By sales multiples, Kratos trades above current revenue. The company’s market cap was $8.81 billion at last check, while AeroVironment’s sat at $7.99 billion. That’s about 5.1 times the midpoint of Kratos’s 2026 revenue outlook, compared to AeroVironment at around 4.0 times its fiscal 2026 revenue. The timeframes are a bit different, but the spread suggests investors are pricing Kratos for future business, not just the sales on the books now.
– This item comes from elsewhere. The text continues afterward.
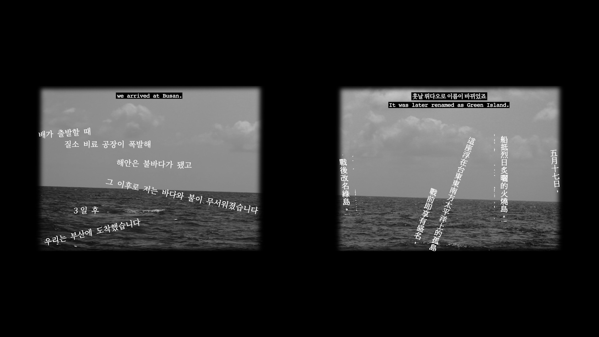 展覽尾聲由米尼亞・碧亞比亞尼的《在夜裡的無盡凝視》作結,作品以破碎影像與斷裂聲響,回應瓜地洛普的殖民歷史。畫面中出現「海洋有祖先的味道」等文字,疊合多重層次的歷史創傷與集體記憶——海洋既是奴隸貿易的航道,亦為孕育新生的搖籃,同時承載著創傷與重生並存的複雜記憶。觀眾在凝視與傾聽之中,得以感受到語言如何在歷史與感官之間流動。

Sell-side calls stay upbeat. Benzinga lists a Buy consensus and an average price target of $90.76 for Kratos. JPMorgan’s most recent rating, posted June 12, set a target of $82. That’s still a big premium to Tuesday’s close, but Kratos trades at about 289 times trailing earnings, so there’s not much cushion for any slip in contracts, output, or cash flow.
Kratos is set to report earnings on July 30, according to Investing.com. The site’s Q2 revenue estimate stands at $410.61 million.